┏━━

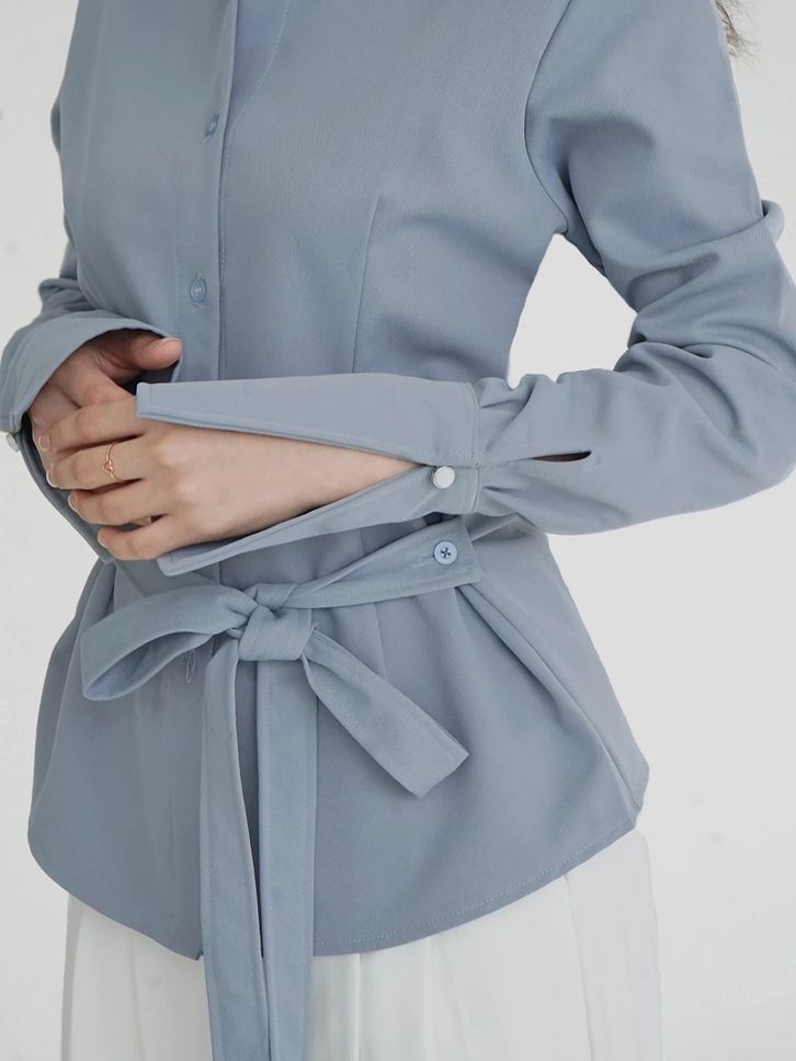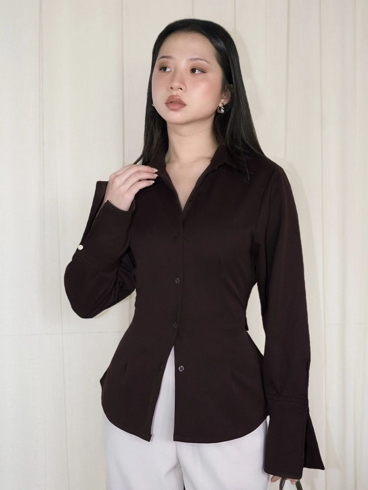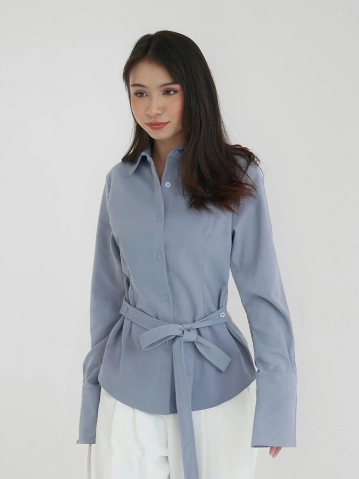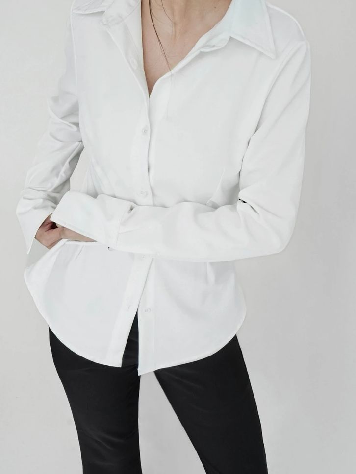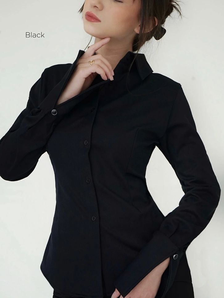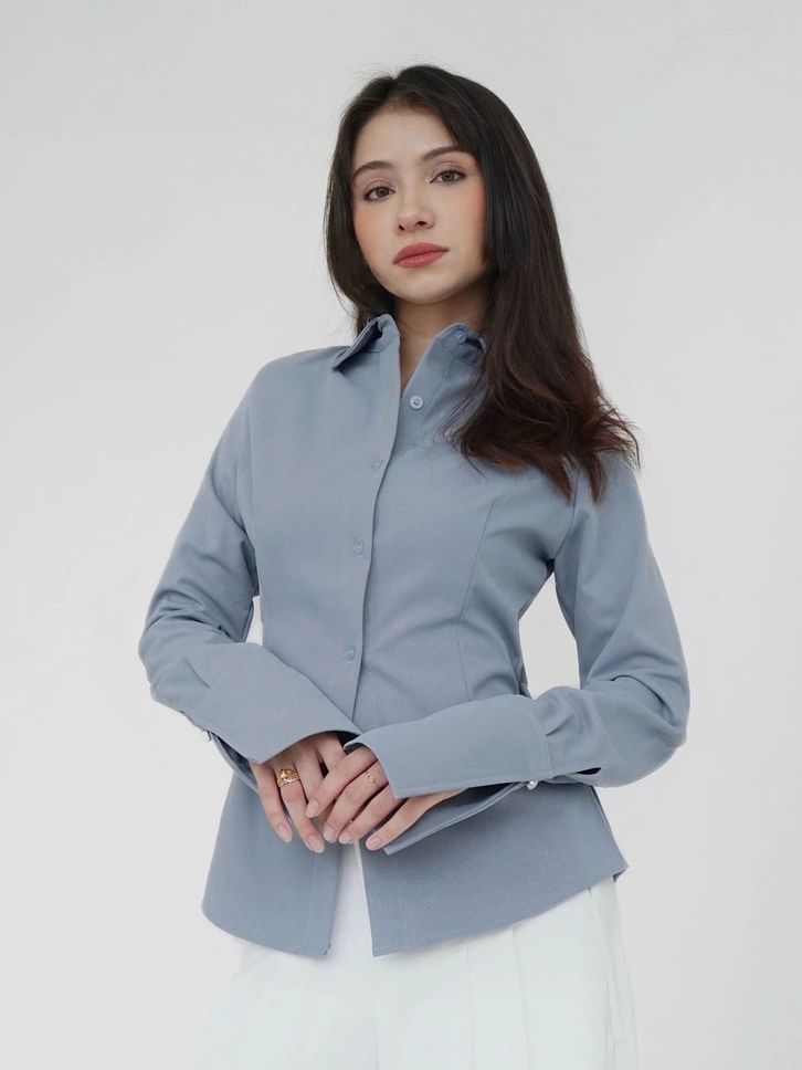 Kemeja Kerja Wanita Dewasa Polos Kemeja Bahan Katun Semi Wool Slim fitted Yara Shirt Lengan Panjang Press Body Terbaru
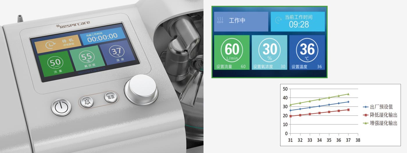 該治療設備主要包括空氧混合裝置、濕化治療儀、高流量鼻塞導管以及連接呼吸管路。
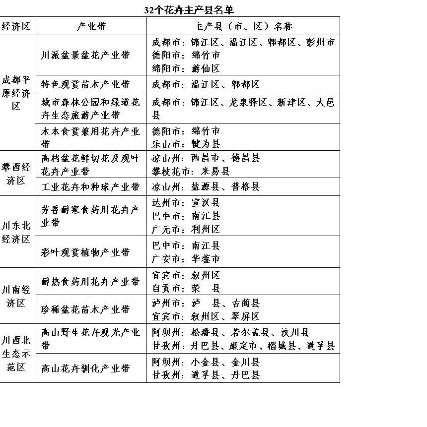 在花卉产业布局方面,根据资源特色和发展优势,将种植规模较大、加工和服务业较为发达的32个县(市、区)作为花卉主产县,作为推进花卉产业高质量发展的主战场,培育形成“五区十二带”花卉产业布局。
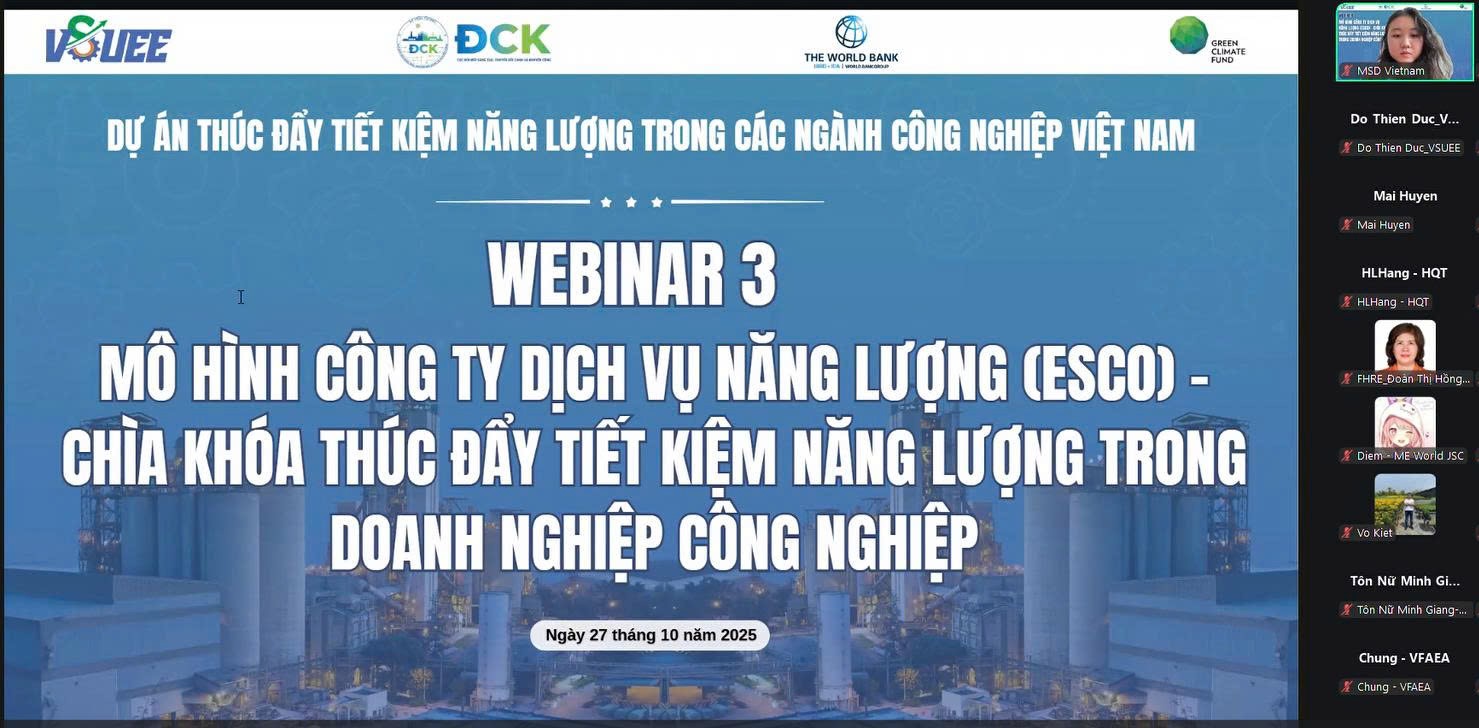 Chiều ngày 27/10/2025, trong khuôn khổ Dự án “Thúc đẩy tiết kiệm năng lượng trong các ngành công nghiệp Việt Nam” (VSUEE), Cục Đổi mới sáng tạo, Chuyển đổi xanh và Khuyến công (Bộ Công Thương) đã tổ chức hội thảo trực tuyến số 3 với chủ đề “Mô hình Công ty Dịch vụ Năng lượng (ESCO): Chìa khóa thúc đẩy tiết kiệm năng lượng trong doanh nghiệp công nghiệp”.

┗━━

--- THE PROBLEM ---
Every line from the one containing "該治療設備主要包括空氧混合裝置、濕化治療儀、高流量鼻塞導管以及連接呼吸管路。" through the last line of the data is to be retyped exactly, with nothing added and no pictures included.

--- SOLUTION TO THE PROBLEM ---
 該治療設備主要包括空氧混合裝置、濕化治療儀、高流量鼻塞導管以及連接呼吸管路。
 在花卉产业布局方面,根据资源特色和发展优势,将种植规模较大、加工和服务业较为发达的32个县(市、区)作为花卉主产县,作为推进花卉产业高质量发展的主战场,培育形成“五区十二带”花卉产业布局。
 Chiều ngày 27/10/2025, trong khuôn khổ Dự án “Thúc đẩy tiết kiệm năng lượng trong các ngành công nghiệp Việt Nam” (VSUEE), Cục Đổi mới sáng tạo, Chuyển đổi xanh và Khuyến công (Bộ Công Thương) đã tổ chức hội thảo trực tuyến số 3 với chủ đề “Mô hình Công ty Dịch vụ Năng lượng (ESCO): Chìa khóa thúc đẩy tiết kiệm năng lượng trong doanh nghiệp công nghiệp”.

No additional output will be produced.